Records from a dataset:

######

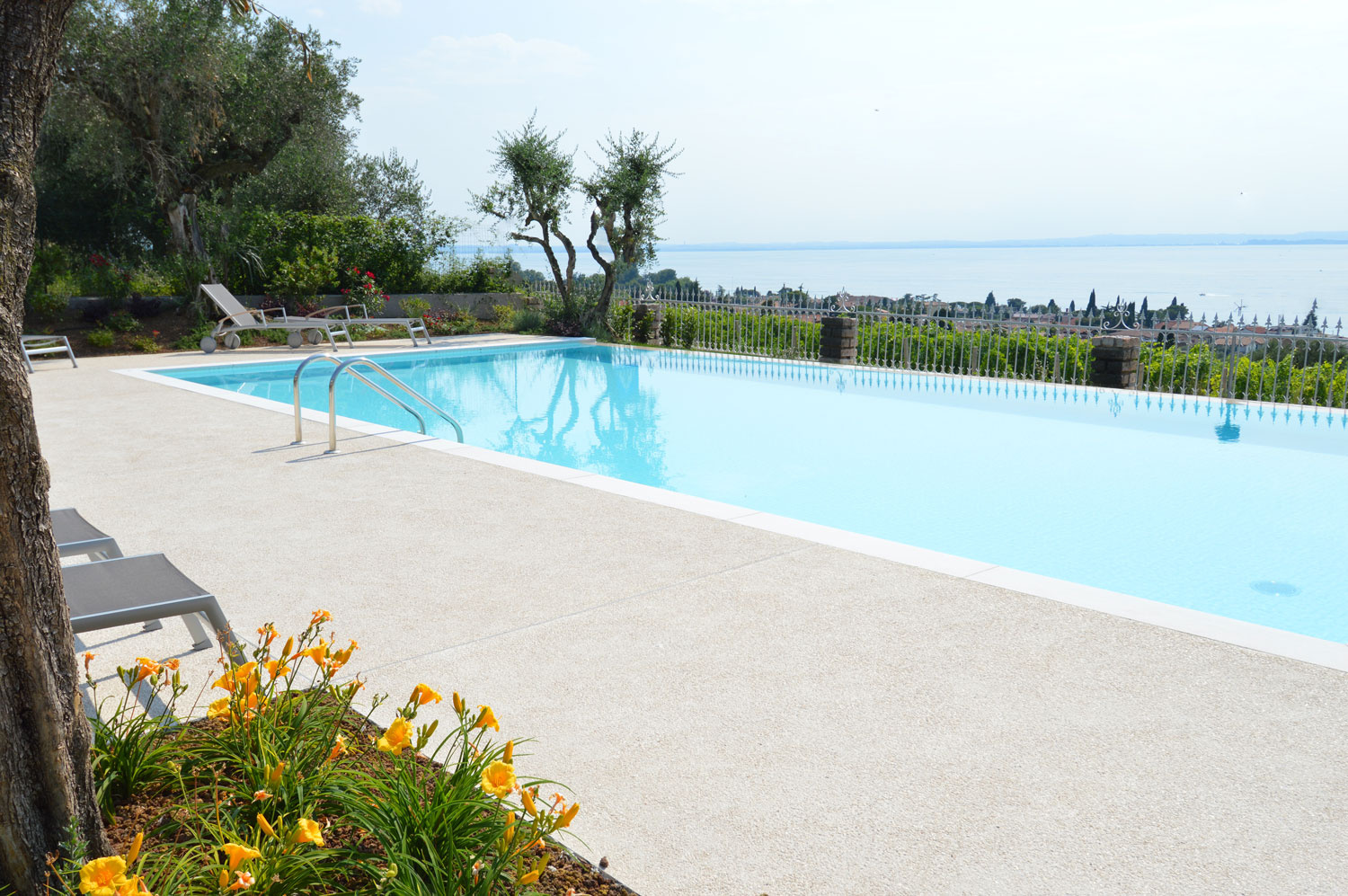 Construction: flooring of the swimming pool edge, solarium and walkways in ItalianTerrazzo® exposed aggregate paving for a private residence overlooking Lake Garda
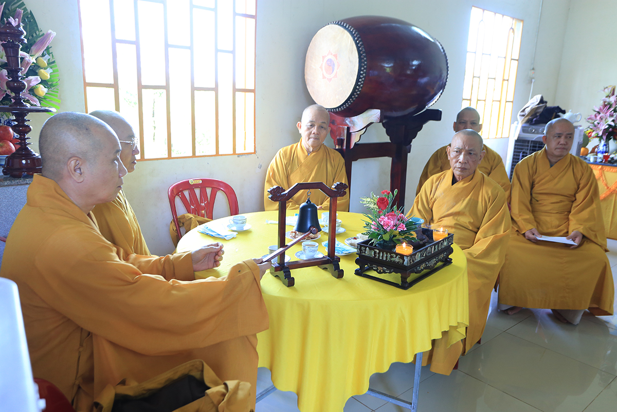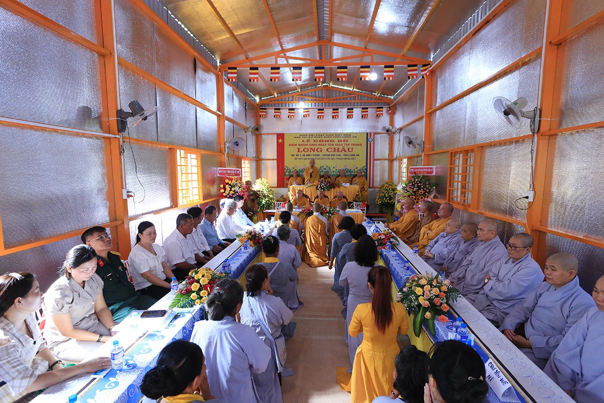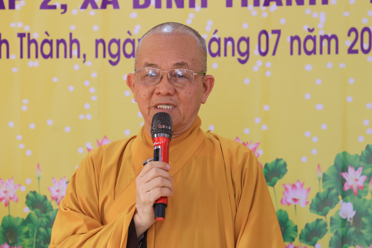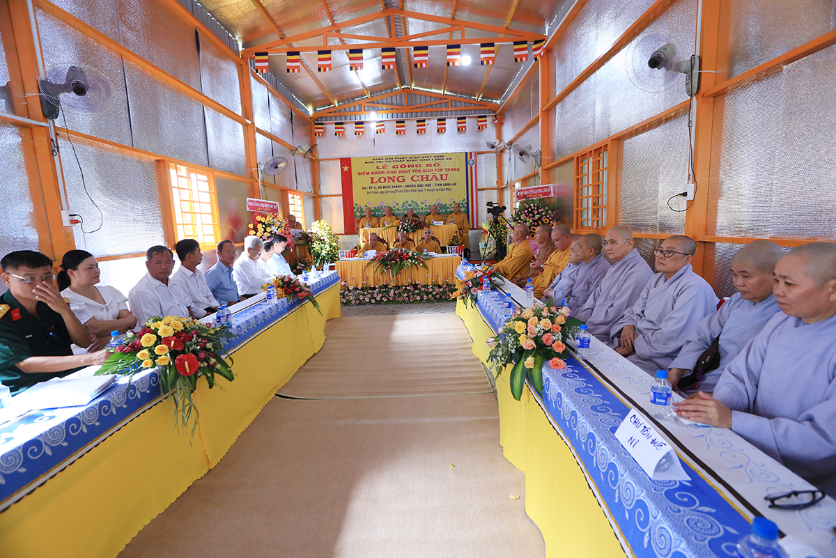 Ban lời đạo từ, Hòa thượng Thích Minh Thiện – Uỷ viên Hội Đồng Trị Sự trung ưng, Trưởng BTS GHPGVN tỉnh Long An gửi lời tri ân sâu sắc đến Mặt Trận tổ quốc, Ban Tôn giáo, Ban Dân vận tỉnh – huyện cùng các cơ quan chức năng hữu quan đã tạo điều kiện cho Phật giáo có được thêm một điểm nhóm sinh hoạt tập trung. Hòa thượng nhắc lại truyền thống văn hóa Phật giáo nước nhà mấy ngàn năm lịch sử luôn đồng hành cùng Dân tộc. Đặc biệt nói về việc Phát triển Phật giáo ở huyện Đức Huệ, vùng đất giáp biên giới chịu nhiều thiệt hại do chiến tranh còn để lại là tích cực đền ơn đồng bào địa phương Đức Huệ.
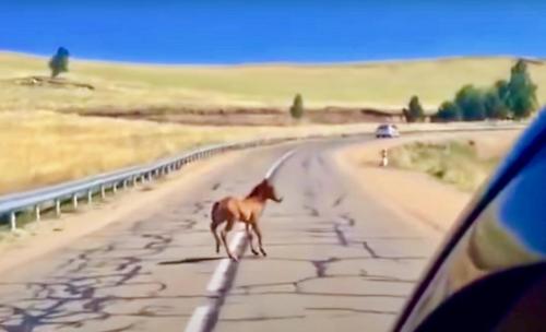The man made several attempts to approach the colt, but kept running away. Eventually he was able to stop the pony and the man was seen crouching down, carrying him and gently placing him on the railing.
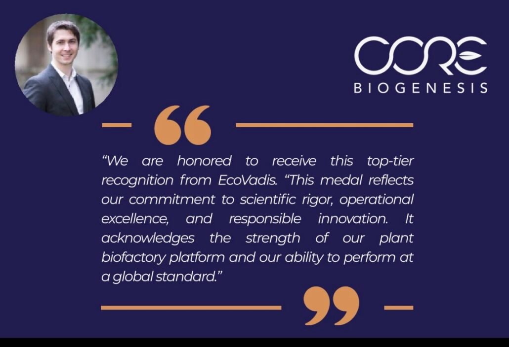 “We are honored to receive this top-tier recognition from Ecovadis,” said Thibault Mandicourt, Director of Operations at Core Biogenesis. “This medal reflects our commitment to scientific rigor, operational excellence, and responsible innovation. It acknowledges the strength of our plant biofactory platform and our ability to perform at a global standard.”
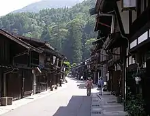 Bien que le parcours de la Nakasendō ait fait l'objet de beaucoup de développements à l'époque moderne, quelques portions de la route conservent leur aspect originel, cependant que d'autres ont été restaurées pour retrouver leur aspect initial au cours des dernières décennies. La section la plus connue se trouve dans la vallée de la Kiso, entre Tsumago-juku (42e station du Kiso Kaidō d'Hiroshige) dans la préfecture de Nagano et Magome-juku (43e station) dans la préfecture de Gifu[46]. La région attira l'attention avec l'écrivain du début du XXe siècle Shimazaki Tōson, qui rédigea une chronique des effets de la restauration Meiji sur la vallée où se déroule le roman qui l'a fait connaître, Yoake Mae (Avant l'aurore)[47].
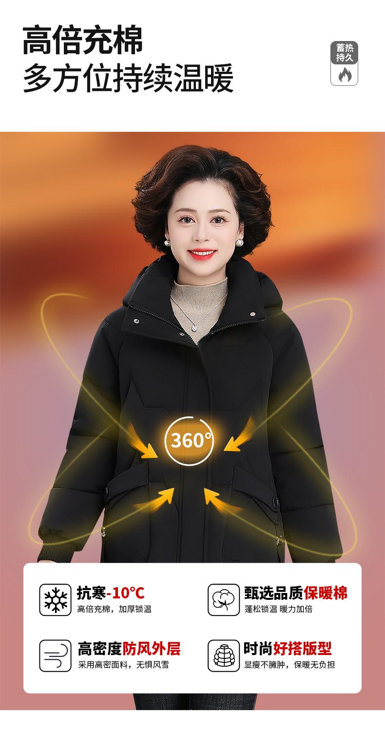 Chaqueta acolchada de algodón para personas de mediana edad y mayores, otoño e invierno 2024, nueva chaqueta acolchada de algodón para mujer, invierno, madre, estilo extranjero, abrigo acolchado de algodón, talla grande

######

Work task:
Transcribe only this stretch of the data: the line with "are honored to", the line with "Bien que le", and every line in between. Leave out the pictures.

Result:
 “We are honored to receive this top-tier recognition from Ecovadis,” said Thibault Mandicourt, Director of Operations at Core Biogenesis. “This medal reflects our commitment to scientific rigor, operational excellence, and responsible innovation. It acknowledges the strength of our plant biofactory platform and our ability to perform at a global standard.”
 Bien que le parcours de la Nakasendō ait fait l'objet de beaucoup de développements à l'époque moderne, quelques portions de la route conservent leur aspect originel, cependant que d'autres ont été restaurées pour retrouver leur aspect initial au cours des dernières décennies. La section la plus connue se trouve dans la vallée de la Kiso, entre Tsumago-juku (42e station du Kiso Kaidō d'Hiroshige) dans la préfecture de Nagano et Magome-juku (43e station) dans la préfecture de Gifu[46]. La région attira l'attention avec l'écrivain du début du XXe siècle Shimazaki Tōson, qui rédigea une chronique des effets de la restauration Meiji sur la vallée où se déroule le roman qui l'a fait connaître, Yoake Mae (Avant l'aurore)[47].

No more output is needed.